# Bildnummerierung



## Domsi (20. April 2009)

Hallo allerseits,

weiß jemand, wie ich im Word 2007, für eine Dokumentation eines Projektes, zu meinen Abbildungen eine Automatische Nummerierung hinzufügen kann und diese AUCH in der Textbeschreibung verwenden.

Beispiel:



> Wählen Sie genau wie die in der Abb. 2 zu sehenden Komponenten aus:
> 
> BILD
> 
> Abb.2: Komponenten auswählen



Die Nummer Abb.2: wird automatisch über Felder (AutoNumlGl) eingefügt. Nun soll der Inhalt dieses Felde automatisch im Text stehen. Auch wenn sich Abb.2 auf Abb.3 ändert, dann soll automatisch im Text Abb.3 erscheinen (Wirklich Automatisch, so dass ich dann auch nicht einen Verweiß extra einfügen muss, der Text muss sich automatisch mitändern)

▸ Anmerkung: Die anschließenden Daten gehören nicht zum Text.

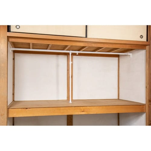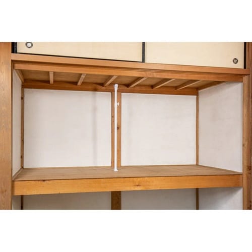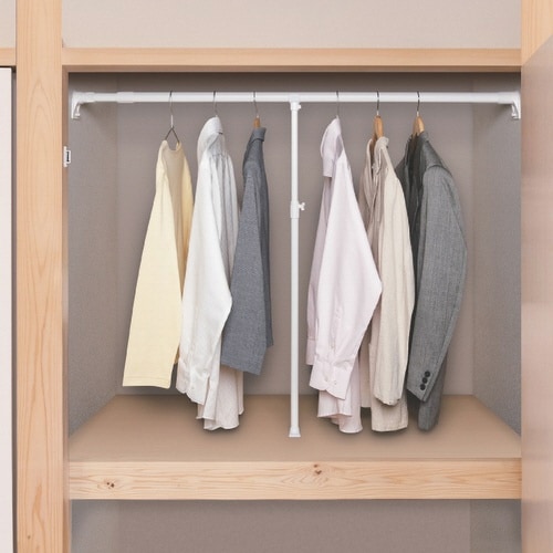 突っ張り棒を下から支えるサポートポール【S】です。 高さ調節できる伸縮式です。 ポール受け部にすべり止め防止シートが付いています。 |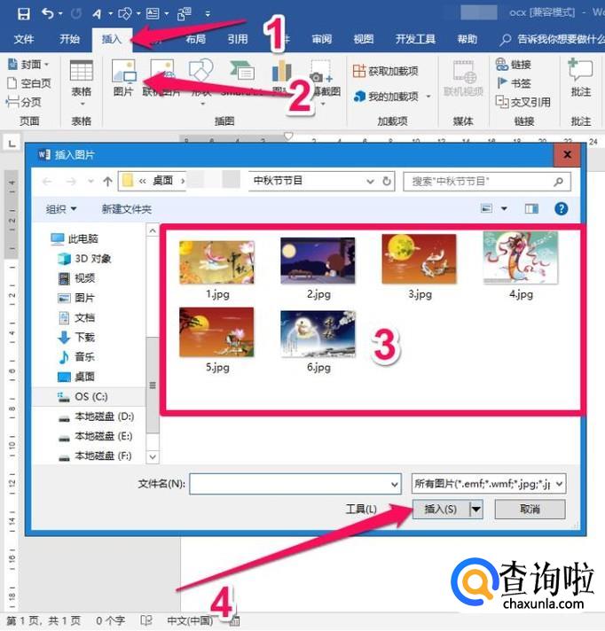 打开word文档后直接插入所有图片,如果按照一般的方法就是一张一张插入,再编号,但那样实在太烦琐了。【插入】---【图片】---选择文件夹---Ctrl+A选择所有要插入的图片,点击【插入】即可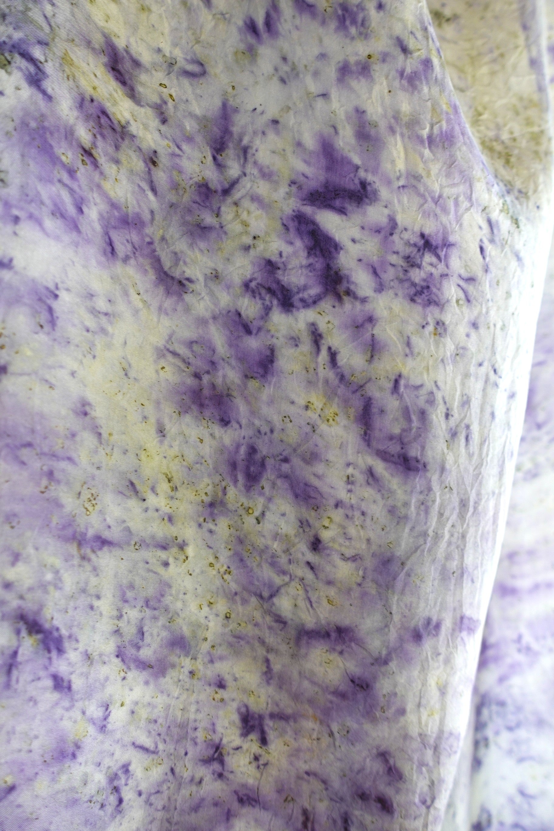 El modelo Spellman es una tela estampada única realizada en tela de seda 100% de alta calidad. Con un diseño exclusivo creado mediante la técnica de eco print , cada pieza presenta patrones únicos generados a partir de elementos naturales, ofreciendo una belleza orgánica y sostenible. Con unas medidas de 93 x 265 cm, esta tela es ideal para la decoración del hogar: puedes montarla sobre un bastidor o colgarla en un listón de madera creando un tapiz de pared para darle un toque artístico y natural a cualquier espacio.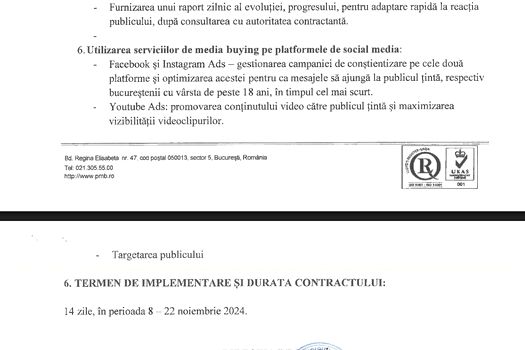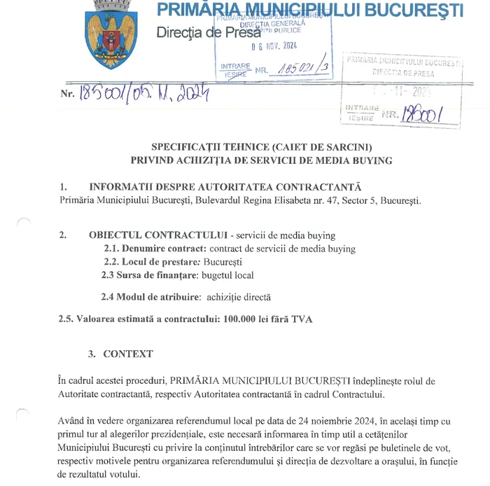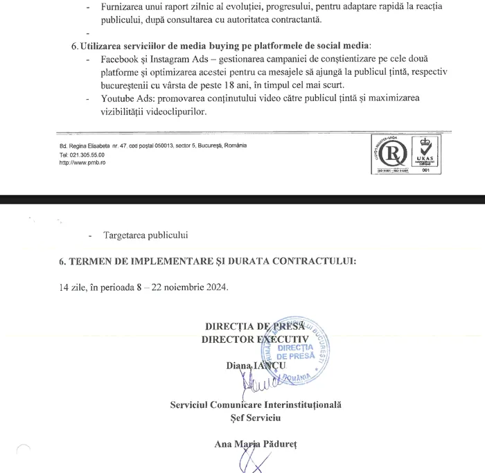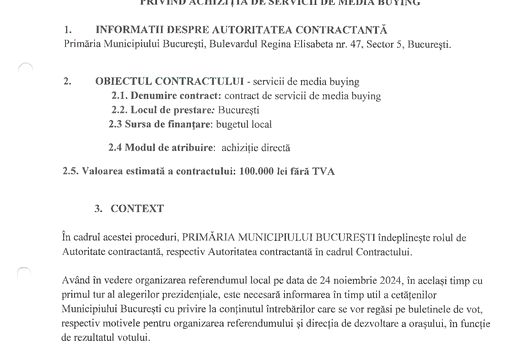 Așa se face că, Diana Iancu/ fostă Lazăr, în calitate de șef al Direcției Presă/ Director Executiv semnează pe 5 noiembrie 2024 caietul de sarcini din partea Primăriei București pentru un contract de „media buying”, cu sursă de finanțare din bugetul local, pentru 100.000 de lei fără TVA.

Hat dazu jemand eine Idee wie man den Wert des Feldes automatisch aktualisierend im Text einfügen kann.

Mfg, Domsi


----------



## Drogist (20. April 2009)

Hallo,

ich gehe da folgenden Weg: Die Abbildung bekommt als Text nicht direkt ein Feld sondern die Nummerierung und der Text wird über Verweise>Beschriftung einfügen erstellt und mit dem entsprechenden Text versehen:
(Abbildung)

Um in laufenden Text dann Bezug auf diese Nummerierung zu nehmen und diese dann natürlich auch automatisch aktualisiert wird, verwende ich Verweise>Querverweis und suche mir das entsprechende Element und die gewünschte Darstellung aus:
(Abbildung)

Bei Bedarf markierst du dann das komplette Dokument und [F9], um alle Felder zu aktualisieren.


----------